Ok, I have a 1999 Sentra GXE, with the double DIN AM/FM/CD unit, no tape. I am tired of using the FM modulator on my Sirius receiver, so I got a after market stereo with an AUX input. I have wired many stereos up before, and am pretty comfortable doing so. I read the wire designations, double check, and mark them, solder the radio harness to the aftermarket wire harness, then shrink tube the connections. I know red=ingnition, blk=gnd,=yellow=memory constant 12v, and the speaker colors are listed. I have no power ant, amp, and I don't hook up the dimmer wire anymore.

Problem is, I have tried 3 stereos, and 3 different wire harnesses, and no stereo will work in my Sentra. I check all fuses in line, and in the fuse box, and fine.The one stereo, even with ignition off with cause something in the dash to click, and like if the wipers were left on, they will wipe 1/4 the way across the windshield before dying. I have wired up a Pyramid (crappy), VR3, and Pioneer stereos. If you wire the red and yellow to the cigarette lighter plug they will work fine, but loose memory when the car is off. I have triple checked all wiring for the stereos, and the Sentra. Is there anything I am missing? Any quirks to the Sentras? I am not a newb, nor a pro at this. Any help would be greatly appreciated.
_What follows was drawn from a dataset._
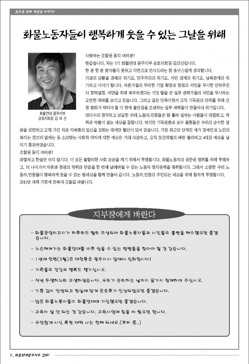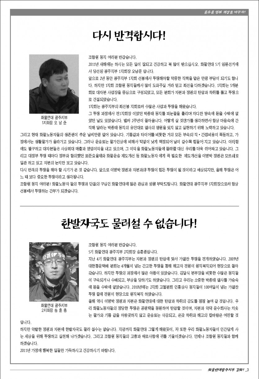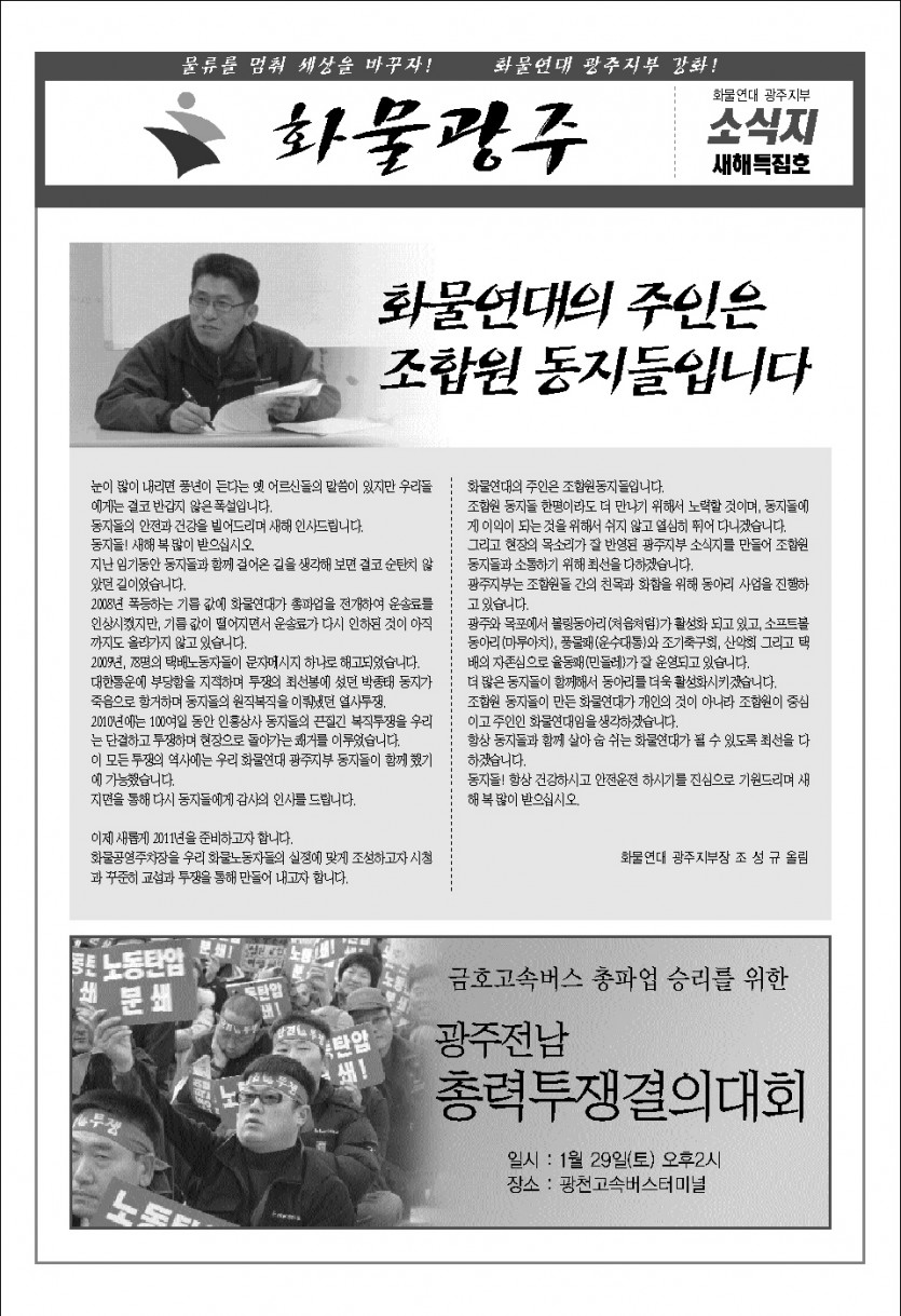 광주지부 소식지 <화물광주> 새해특집호를 발간하였습니다. 이번 새해특집호에는 지부장 및 각 지회장 새해 인사말과 2011년을 힘차게 준비하고 있는 금호지회 곡성분회장 유명석 동지의 인터뷰를 실었습니다. 그리고 2010년 광주지부의 사업과 투쟁을 사진으로 담았습니다.

Thanks!


----------



## Shadao (Aug 14, 2007)

usually the yellow wire is your remote wire which sends a signal to the amp telling it to turn on...

did you hook up the headunit ground to the factory ground wire? sometimes you need to make a new connection...


----------



## SentGXE99 (May 8, 2004)

Blue/white is the amp turn on, and I have no amp. Yellow is the constant 12v according to the stereo instructions, and all three harness instructions. It is grounded properly.


----------



## pare_john (Jul 27, 2007)

Shadao said:


> usually the yellow wire is your remote wire which sends a signal to the amp telling it to turn on...
> 
> did you hook up the headunit ground to the factory ground wire? sometimes you need to make a new connection...
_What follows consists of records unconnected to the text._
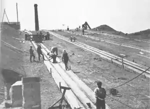 The plane was designed by Gordon Cale Thomas, after a large-scale prototype was built at the company's Bulbourne yard and he had assessed the 75 ft (23 m) climb.[2] It had two tanks, or caissons, each capable of holding two narrowboats or a barge. The caissons were full of water, and so balanced each other. The caissons' vertical guillotine gates created a watertight seal.[2] The lift was powered by a 25-horsepower (19 kW) stationary steam engine. The land for the plane was purchased for £1,595 and total expenses for the project came to £39,244 by 24 June 1900.[3]
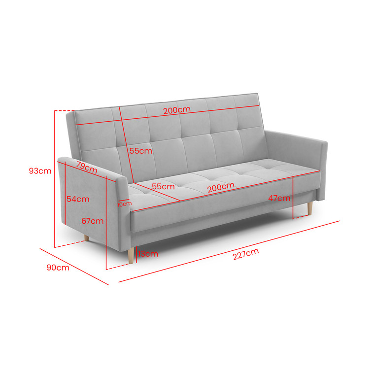 Pevná konstrukce ze dřeva a OSB desky. Potah z kvalitních látek v mnoha moderních barevných odstínech. Snadné rozkládání pohovky na lůžkovou podobu. Moderní design vhodný do všech současných interiérů.
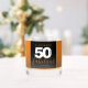 Mit diesem stilechten Weinglas, das sich durch einen schwarzen, weißen und orangefarbenen Block und handgeschriebenes Set auf glänzenden, orangefarbenen, schwarzen und rauchgrauen Hintergründen auszeichnet, feiern Sie den großen 5 oh Stil. Umkehrung zeigt identisches Design. Design © W.H. Sim. Weitere Informationen unter zazzle.com/expressionsoccasions
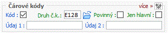 - Na záložce Speciality v sekci čárové kódy zvolte i údaj pro ČK a druh, který se má na štítky tisknout:

yellow is always constant 12v on all stereos, remote is blue/white


----------



## smj999smj (Jan 1, 2006)

I usually find it a lot less of a headache to use a harness adapter. They come with the wiring color details and they allow you to plug right into the factory harness without hacking it up. Makes it a lot easier if you should ever want to replace the radio unit again in the future. They're well worth the $12!


----------



## SentGXE99 (May 8, 2004)

smj999smj said:


> I usually find it a lot less of a headache to use a harness adapter. They come with the wiring color details and they allow you to plug right into the factory harness without hacking it up. Makes it a lot easier if you should ever want to replace the radio unit again in the future. They're well worth the $12!


Yeah, I have gone thru 3 different harness adapters thinking they had a problem. 1 sold at Walmart, 1 from Best Buy, 1 from a local stereo shop. All three aftermarkets, three harnesses, all no power. Yet if I hook them up to my Honda using an adapter harness all three are fine. All power up and memory fine.


----------